AFCB: Quando é que passas, então, a fazer parte da equipa técnica do Pedro Caixinha?

PM: Quando ele assume o Santos Laguna, do México. Não entrei no primeiro torneio, entrei no segundo, a convite dele, para fazer parte da equipa técnica e auxiliar com a função especifica da análise dos adversários e da própria equipa.

A partir deste momento, além da função de observação, também coadjuvada o trabalho a nível do campo. Cada treinador tem uma área de especialização. Eu estava mais com a parte de análise, o Hélder mais com a bola parada, mas todos tínhamos influência a nível do campo. Desde o início, nunca fui um simples analista. Sempre trabalhei a nível do campo e, dentro disso, tinha a área de especialização para poder ajudar o treinador principal.

AFCB: Além de Portugal, já passaste pelo México, pelo Qatar, pela Escócia, pela Arábia Saudita, pela Argentina e agora estás no Brasil. Fala-nos um pouco de todas essas experiências…

PM: Como latinos, no geral, e portugueses, em particular, temos a capacidade de nos adaptar a qualquer realidade. Isso é aquilo que sinto que é o treinador português. A nossa adaptação a essas realidades foi fácil. Por outro lado, foi muito enriquecedor podermos trabalhar com tantas culturas, diferentes jogadores e mercados. Só te faz crescer como pessoa e como profissional.

De todas as realidades, aquela que é mais distinta, é a realidade do futebol árabe, que tem questões particulares, como a Religião e a mentalidade e seriedade do futebol árabe. Neste momento está em franca mudança e em expansão. Passámos grande parte do tempo naquilo que são países latinos, como o México, Argentina e, agora, o Brasil. São culturas muito similares às nossas e a adaptação foi sempre muito fácil nesse processo.

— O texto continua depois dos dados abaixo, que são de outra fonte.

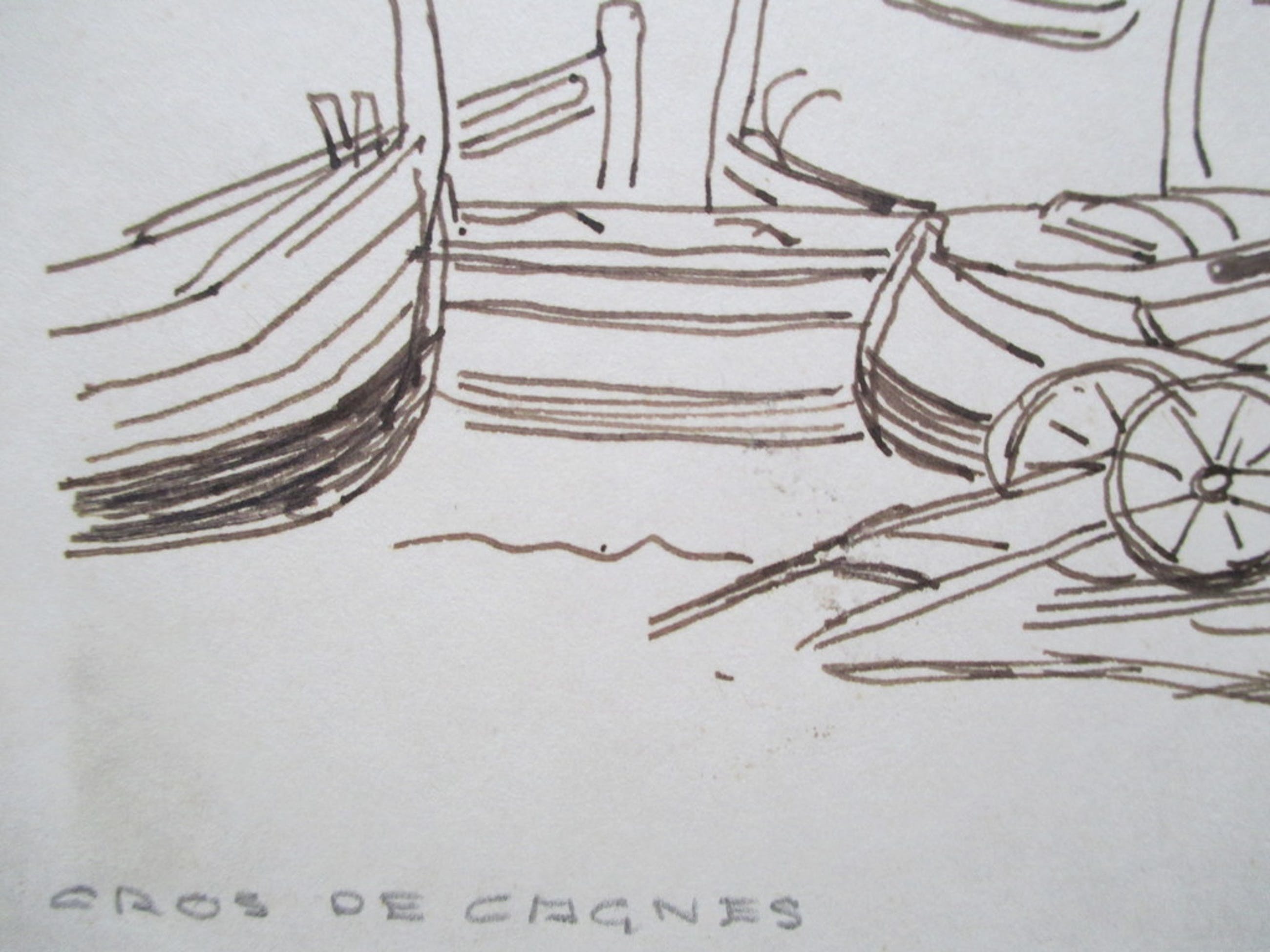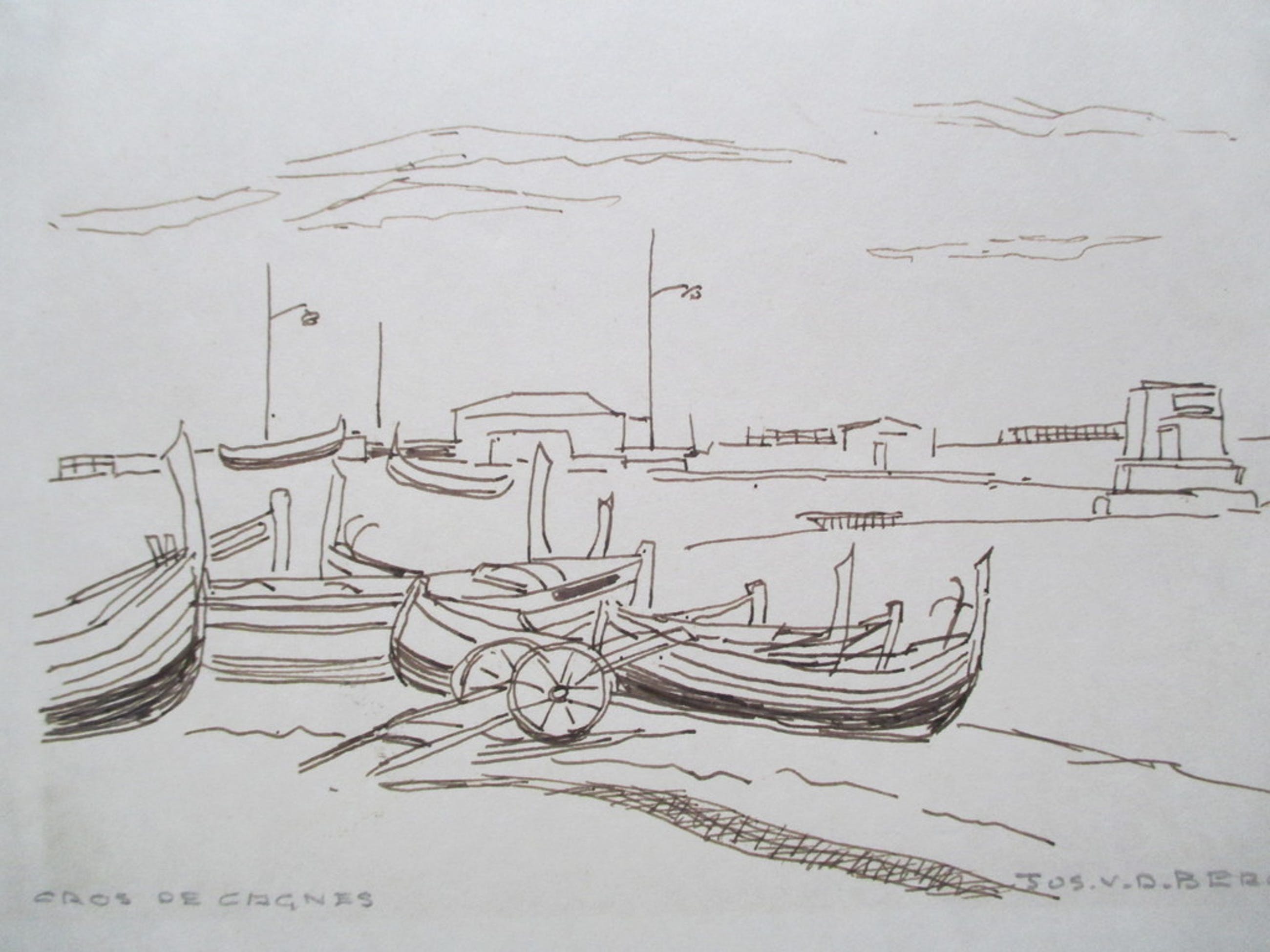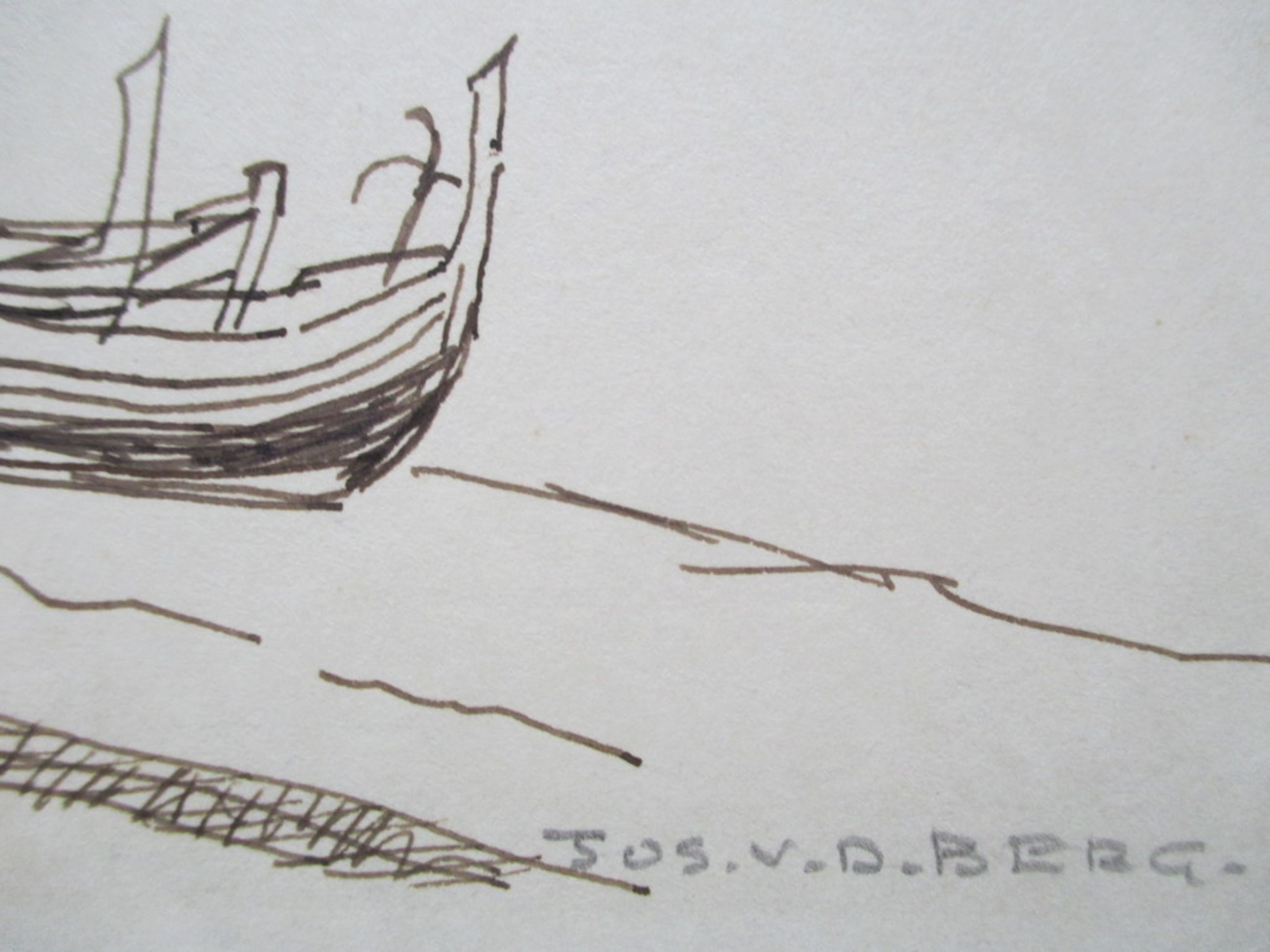 Pentkening van Jos v.d. berg, getiteld en gesigneerd in potlood. Geplaatst in eenvoudig papieren passepartout met twee papieren plakbandjes. Afm. blad 20,3x14,5. In uitstekende staat. Dit blad is afkomstig uit de nalatenschap van schilder Harm Kamerlingh Onnes.

Em termos desportivos, no Brasil e na Argentina – dois países de referência em termos mundiais -, o futebol brasileiro tem muita qualidade individual e o argentino é muito agressivo e intenso. Não tem tanta qualidade, mas é muito intenso e vivem o futebol de forma apaixonada. O futebol mexicano está entre o brasileiro e o argentino, até porque têm muita mistura de jogadores.

A nível do futebol árabe, a realidade do Qatar e da Arábia Saudita têm duas dimensões diferentes. O primeiro, pelas influências dos treinadores estrangeiros, um pouco mais rico em termos táticos, com mais mentalidade europeia e brasileira. O futebol árabe não é tão evoluído taticamente, mas está em expansão. Tem essa lacuna tática, mas está a evoluir nesse sentido. Na Escócia, é um futebol dentro do que é o europeu. É muito físico, não tanto de cultura tática, mas muito intenso e agressivo. Era um futebol muito defensivo e vertical, na base da agressividade e da intimidação.